Now, months later, both Scanlon and Lembo said another attempt is in the works, pegged to legislation resembling last year’s compromise bill. But state lawmakers work only from February through early May, which is not a lot of time for a major bill.
Meanwhile, other states are making similar pushes, fighting their own uphill battles.
“It really depends on whether there are other countervailing pressures in the state that allow politicians to be able to go for a public option,” Grogan said.
And, nationally, if a public option appears to gain national traction, Blendon said, insurance companies “are clearly going to battle.”

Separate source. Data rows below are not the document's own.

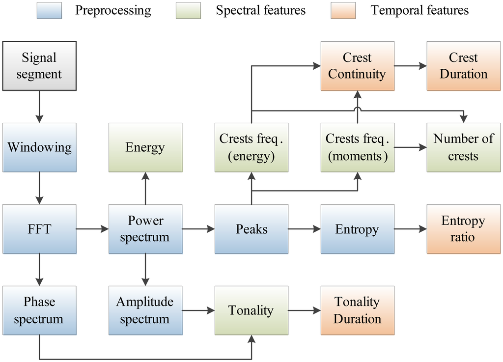 First, the existence of spectral crests is determined by modeling the surroundings of the power spectrum peaks, either using statistical moments as in Algorithm 1 (see Equation (17)), or as in Algorithm 2, using energy (see Equation (19)). Extracted crests are counted in order to check that feature Nc satisfies 1< Nc < Ccrests. Next, the temporal features of crests are evaluated.
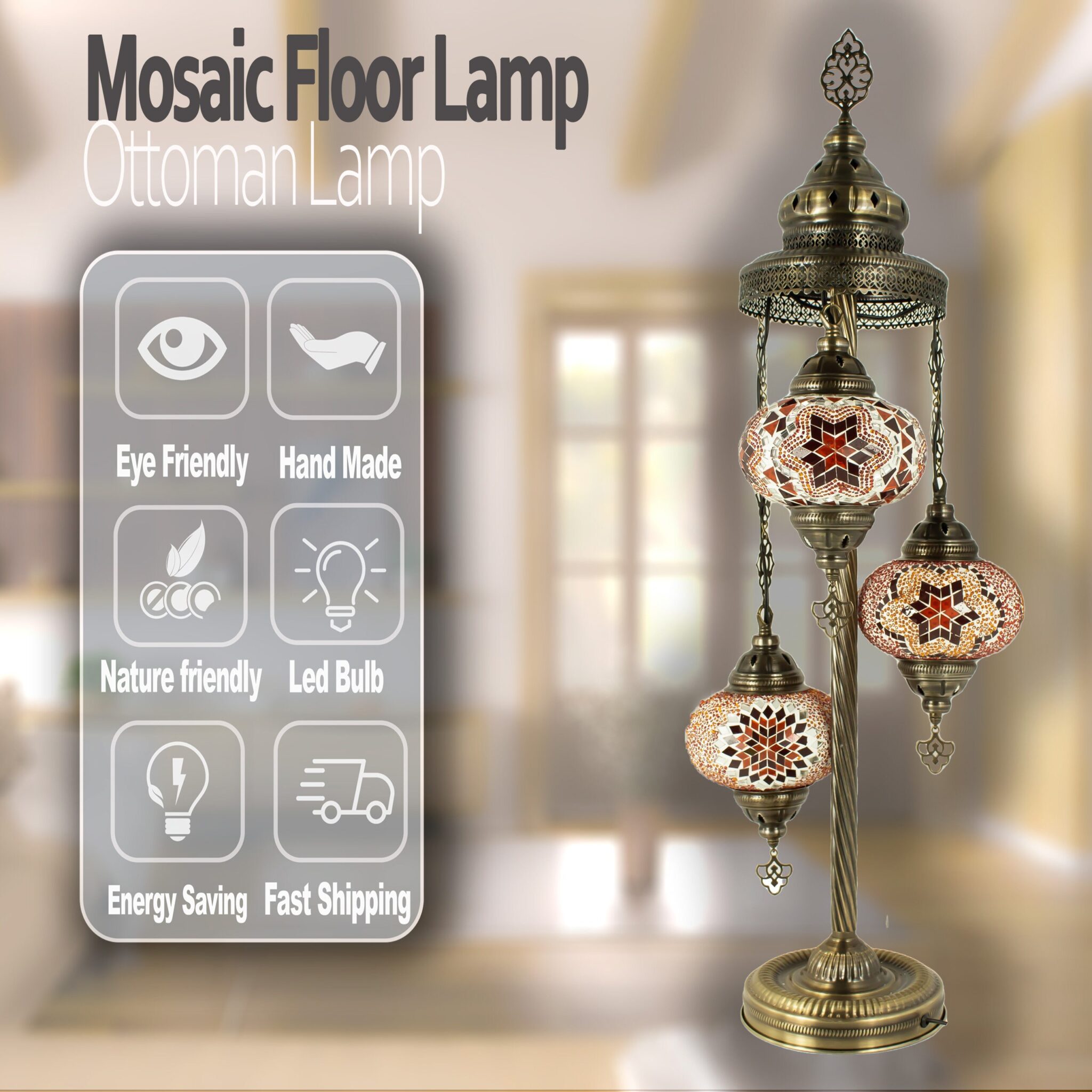 【Perfect Accessories】 – Turkish Lamp Mosaic Glass 3 Big Globe floor lamps will be a perfect accessories for your home.
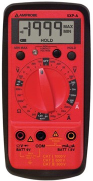 Amprobe 5XP-Một vạn năng kỹ thuật số nhỏ gọn bao gồm tất cả các tính năng và chức năng cần thiết cho một loạt các ứng dụng. Đồng hồ đo điện áp xoay chiều đến 750 V, điện áp DC đến dòng điện 1000 V, AC và DC đến 200 mA, và điện trở đến 20 MΩ. Các phép đo được hiển thị trên màn hình LCD 3-1 / 2 chữ số. Đồng hồ vạn năng cũng bao gồm các tính năng độc đáo như phát hiện điện áp không tiếp xúc VolTect và kiểm tra tải pin với khả năng 1,5 V và 9 V. Ngoài ra, đồng hồ có tiếng bíp liên tục, kiểm tra diode và bảo vệ quá tải. Một chỉ báo điện áp không tiếp xúc cảm nhận điện áp từ 70 đến 600 VAC.
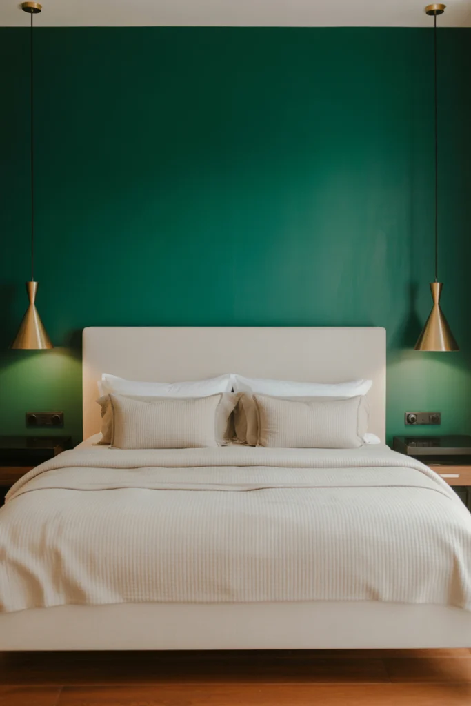 An accent wall can completely change the energy of a room. Whether it’s a dark color, textured wallpaper, or paneled wood, it draws attention and adds personality. Deep shades like navy, emerald, or charcoal create drama, while muted tones bring subtle sophistication. Accent walls also help define your bed area, making it the focal point of your space.
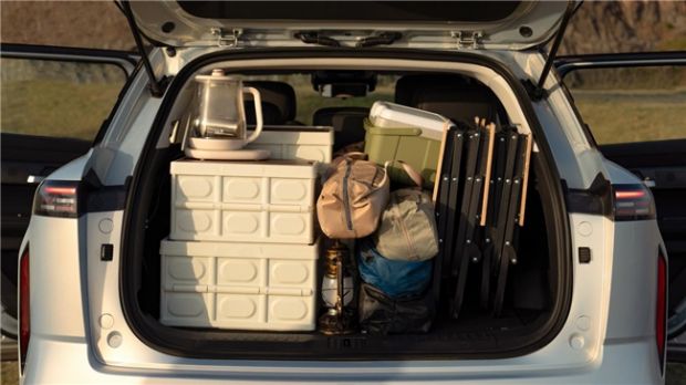这样的“条理”还体现在探索06四驱发现版的空间布局上。雨伞槽、仪表板储物槽、副驾挂钩、手机槽储物空间丰富合理,让遮阳帽、充电宝、水杯等小物件都能有处安放。后排放平后空间可达1388L,无论是露营的帐篷、折叠桌,还是爸爸的钓鱼竿,统统都能装下,车内也依旧井然有序。当全家露营时,外放电功能可以给咖啡机、电火锅和照明设备提供能源。家人团座,灯火可亲,大家一起就着美食,分享旅途中的趣事,无比惬意。
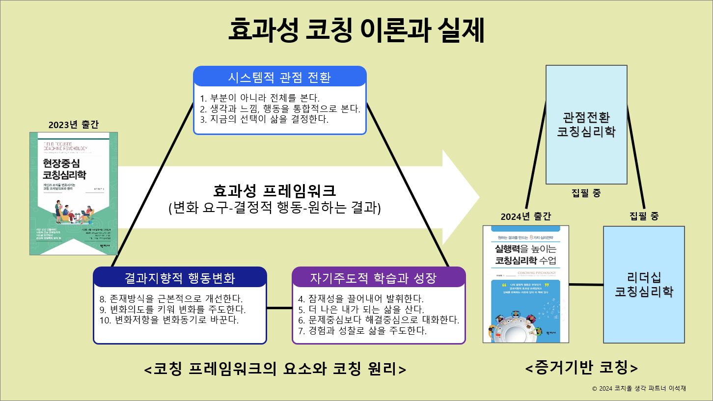 효과성 코칭 이론의 관점에서 중요한 코칭 주제(실행력, 리더십, 관점전환 등)를 탐구한 책을 시리즈로 출간합니다. 특히 경영심리학자의 효과성 코칭(2014)을 삶의 현장에서 검증하고 수정한 내용을 책에 담습니다. 3가지 코칭 프레임워크 요소에 대한 각론을 다루는 책을 쓰고 있습니다.
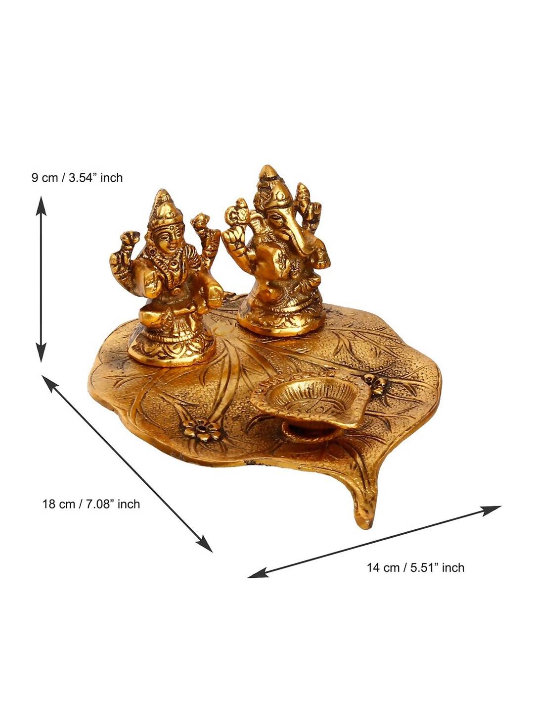 eCraftIndia Antique Gold-Toned Metal Handcrafted Laxmi Ganesh With Diya On Leaf
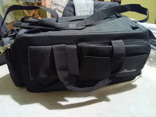 Borsa per attrezzatura fotografica in tessuto nero. - Tasche esterne frontali. - Manici superiori e tracolla. - Logo Moestar ricamato sul lato.
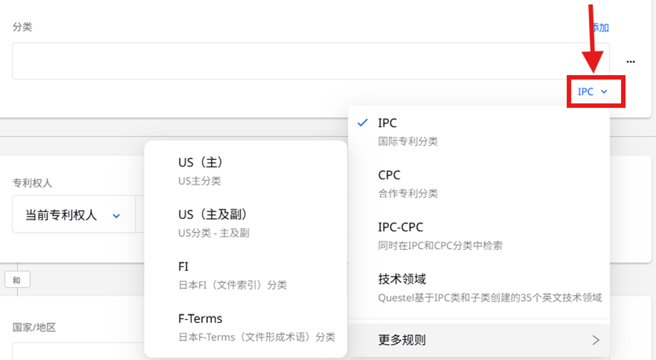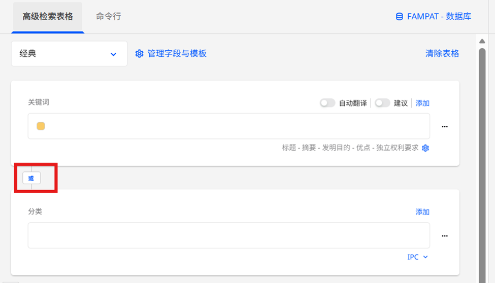 - 也可以使用 OR 逻辑组合 IPC 和 CPC 检索。请确保您的输入格式与两个系统中的代码匹配。

They’re going to go after every Republican, every moderate Democrat, to try to say that … it’s a backdoor way to have the government take over insurance,” he said.
Still, when President Barack Obama first proposed the idea of a public option as part of the Affordable Care Act, it was put aside as too radical. Less than a decade later, support for the idea ― every Democratic candidate backs either an optional public health plan or Medicare for All ― is stronger than it ever has been.
So strong, Grogan said, that it is hard for people to understand “the true extent” of the resistance that must be overcome to realize such a plan.
But in Connecticut, politicians say they’re up for a new battle in 2020.
“We can’t accept the status quo. … People are literally dying and going bankrupt,” Scanlon said. “A public option at the state level is the leading fight we can be taking.”